Were not talking about science, were talking about engineering.  I.E. the
same kind of fusion systems, just higher power levels.  I'ld be more worried
about scaling up the reactors to 'burn' about 40, million tons of fuel in few

>The fact is that we could build a vehicle powered primarily by D-D
>reactions _today_ (a crude Orion rocket).  Within 10 or 20 years,
>we could even do a pretty good job of it (a refined MagOrion).
>By the time we can even consider a manned interstellar mission,
>it should be easy technology.

Orion has a poor spec imp and mass ratio, but your right it, or laser fusion,
or a couple other designs are within present tech.  (Give or take a decade to
develop and test the systems.)

>The fact is that there is no telling how long it would take to power
>something with lithium fusion, no matter how much money is spent
>researching it.
>How long do you think it will take, assuming we spend 100 billion
>dollars a year on fusion research specifically aimed at acheiving
>lithium fusion?  Rough estimate?  Ten years?  100 years?  500 years?
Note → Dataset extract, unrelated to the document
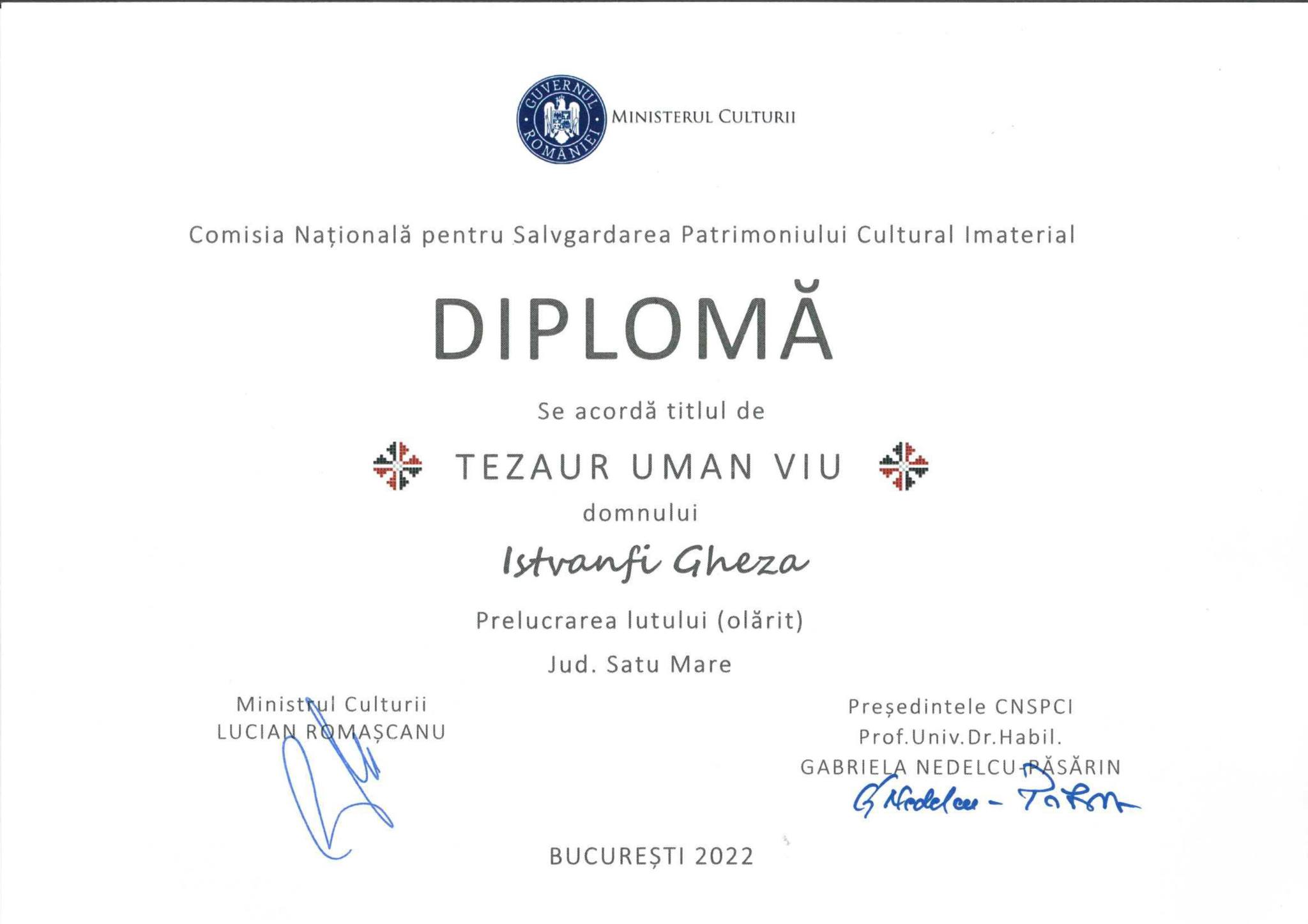 În perioada 24- 25 octombrie 2022, în organizarea Ministerului Culturii şi a Consiliului Judeţean Argeş, prin Centrul de Cultură şi Arte, la Casa de Cultură a Sindicatelor din Pitești, a avut loc Gala „Tezaure Umane Vii” 2022, scopul evenimentului fiind acela de a-i celebra şi premia pe cei care au obţinut titlul de „Tezaure Umane Vii” în anii 2020, 2021 şi 2022. Din delegația sătmăreană au făcut parte: Robert Laszlo – managerul Centrului Județean pentru Conservarea și Promovarea Culturii Tradiționale Satu Mare, meșterul olar – Istvanfi Gheza și soția acestuia, Emma Istvanfi.

Assuming a few hundred million a year (oh say a couple billion to be really
safe) probably 20 years.  Also note the scale of the engines required for
such a ship would make them vstly larger and more stable, then the ground
based power systems were studing now.

>>Oh I agree by the way that the cost of the maser stations to boost the ship
>>out would be the dominent cost factor of a maser sail systems, but don't
>>think you variation would reduce that.
>Back it up with some numbers.  Just rough guestimates.

Depends on the manufacturing tech.  I roughly remember the O'Neil Maser
platforms were expected to produce10^11 maybe 10^12 watts and cost about $10
billion a peice.  I remember we were expecting to need 10^16 to 10^18th in
total beamed power (real rough memory) sou that would cost so the cost would
be $100 trillion to $10,000 trillion (compared to $tens of billions for the
litium fuel).  Obviously impossible, it would be cheaper to just use 400
times as much fusion fuel and boost pure fusion.  But automated mass
production of standard sateligths, consuming near earthy asteroids for ore,
should (hopefully) bring the cost of the sats down by a couple orders of
magnitude or the projects obviousl imposible with current tech.